Supplied entries =>
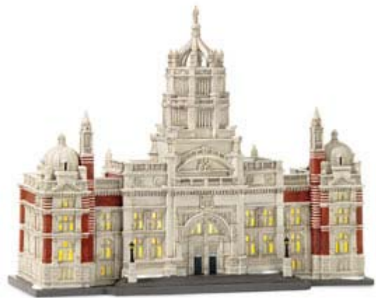
Victoria & Albert Museum Dickens Village
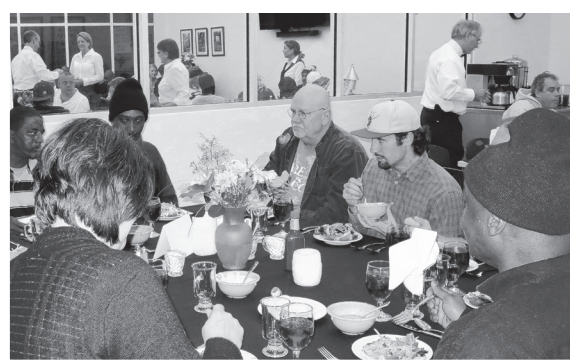
Food and fellowship at anniversary dinner
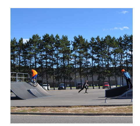
Bluebird Park Outdoor Pleasure Rink, Skate Park, Basketball Court 201 Isanti Pkwy NW
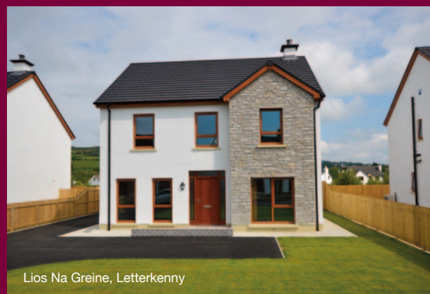
Lios Na Greine, Letterkenny
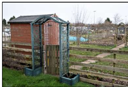
DSCF8756 ISO 400 X-T3 1/200 sec at f / 8.0
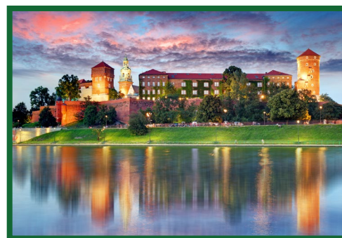
Wawel Hill, Krakow
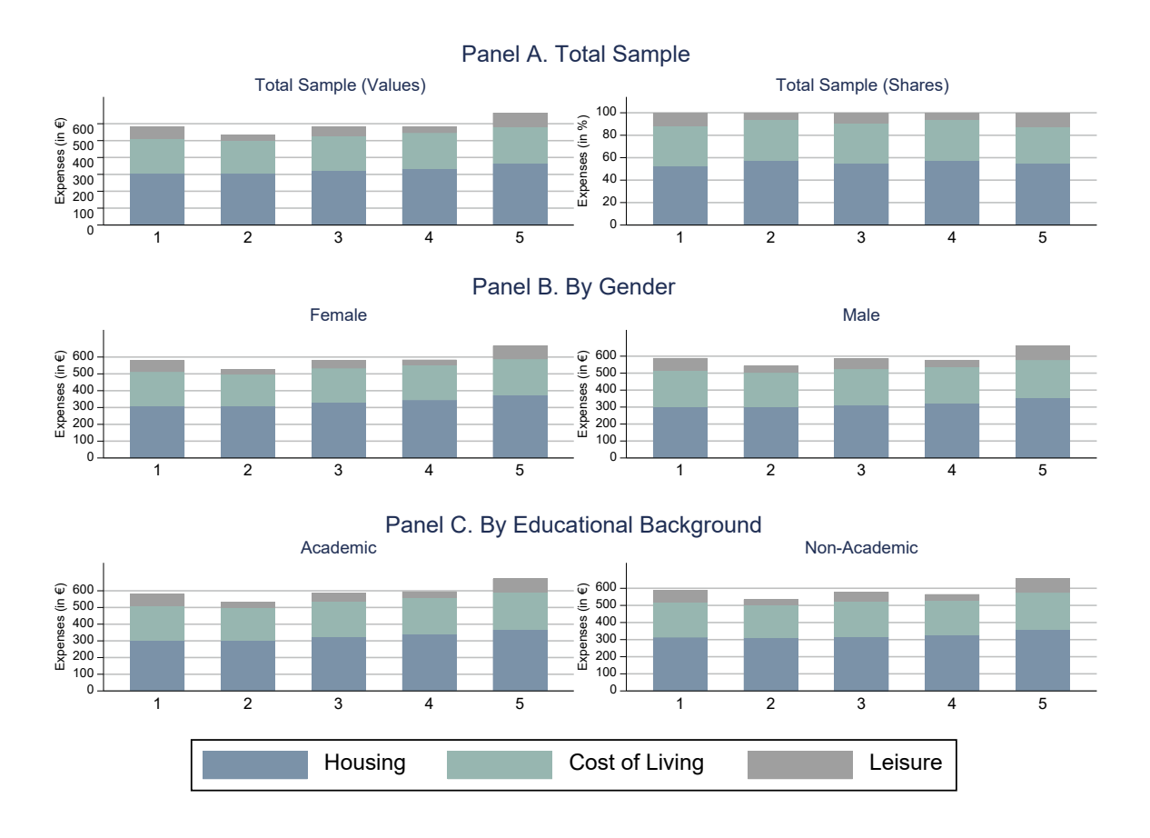
Fig. 2. Students' monthly expenses and composition by phase of the pandemic. Notes: Panel A is the total sample with a set of 592 students. Panel B differentiates the total sample by gender into women (344) and men (248). Panel C differentiates the total sample by parental background of the students into an academic (315) and a non-academic (277) background group. The academic background group includes students with at least one parent with a tertiary degree. See Appendix Table A.5 for corresponding descriptive statistics. Own calculations with data from Leibniz University Hannover student survey, 2021.

Required work =>
With pictures left out, repeat exactly the lines from the line bearing "Bluebird Park Outdoor" through the final line of the records above.

Completed task =>
Bluebird Park Outdoor Pleasure Rink, Skate Park, Basketball Court 201 Isanti Pkwy NW
Lios Na Greine, Letterkenny
DSCF8756 ISO 400 X-T3 1/200 sec at f / 8.0
Wawel Hill, Krakow
Fig. 2. Students' monthly expenses and composition by phase of the pandemic. Notes: Panel A is the total sample with a set of 592 students. Panel B differentiates the total sample by gender into women (344) and men (248). Panel C differentiates the total sample by parental background of the students into an academic (315) and a non-academic (277) background group. The academic background group includes students with at least one parent with a tertiary degree. See Appendix Table A.5 for corresponding descriptive statistics. Own calculations with data from Leibniz University Hannover student survey, 2021.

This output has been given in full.